- ABOUT THIS EXERCISE -
Write out the following listing's lines from the one with "People visit the" to the one with "Вулкан Безымянный расположен", exactly, with both included and no others.
[RAW DATA — start]
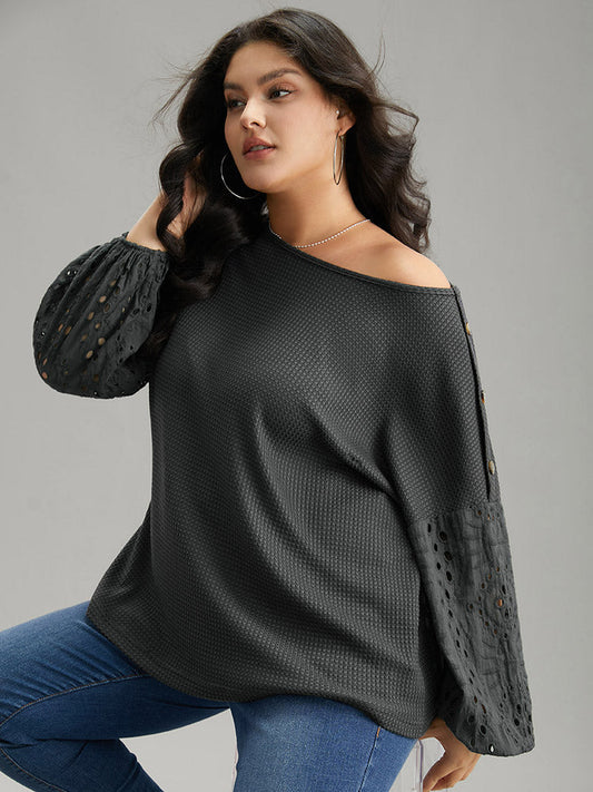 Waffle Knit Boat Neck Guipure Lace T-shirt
[RAW DATA — finish]
[RAW DATA — start]
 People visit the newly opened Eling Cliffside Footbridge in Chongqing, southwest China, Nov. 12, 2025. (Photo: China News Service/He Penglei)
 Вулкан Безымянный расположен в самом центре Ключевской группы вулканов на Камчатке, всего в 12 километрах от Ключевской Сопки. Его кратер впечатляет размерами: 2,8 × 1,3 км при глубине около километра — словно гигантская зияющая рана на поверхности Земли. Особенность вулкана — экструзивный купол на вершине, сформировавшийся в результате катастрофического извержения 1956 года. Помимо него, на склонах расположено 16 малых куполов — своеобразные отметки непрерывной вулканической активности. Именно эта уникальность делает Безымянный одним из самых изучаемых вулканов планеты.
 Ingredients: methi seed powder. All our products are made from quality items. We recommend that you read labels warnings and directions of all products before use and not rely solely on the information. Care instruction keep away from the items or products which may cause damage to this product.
[RAW DATA — finish]
[RAW DATA — start]
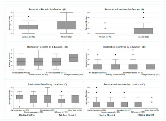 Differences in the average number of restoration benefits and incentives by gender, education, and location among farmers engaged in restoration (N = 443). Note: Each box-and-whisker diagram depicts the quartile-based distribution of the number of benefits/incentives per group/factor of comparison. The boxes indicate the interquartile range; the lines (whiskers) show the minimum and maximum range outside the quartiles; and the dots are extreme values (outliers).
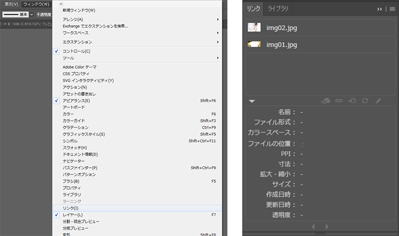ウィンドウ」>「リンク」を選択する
[RAW DATA — finish]
- RESULT BELOW -
 People visit the newly opened Eling Cliffside Footbridge in Chongqing, southwest China, Nov. 12, 2025. (Photo: China News Service/He Penglei)
 Вулкан Безымянный расположен в самом центре Ключевской группы вулканов на Камчатке, всего в 12 километрах от Ключевской Сопки. Его кратер впечатляет размерами: 2,8 × 1,3 км при глубине около километра — словно гигантская зияющая рана на поверхности Земли. Особенность вулкана — экструзивный купол на вершине, сформировавшийся в результате катастрофического извержения 1956 года. Помимо него, на склонах расположено 16 малых куполов — своеобразные отметки непрерывной вулканической активности. Именно эта уникальность делает Безымянный одним из самых изучаемых вулканов планеты.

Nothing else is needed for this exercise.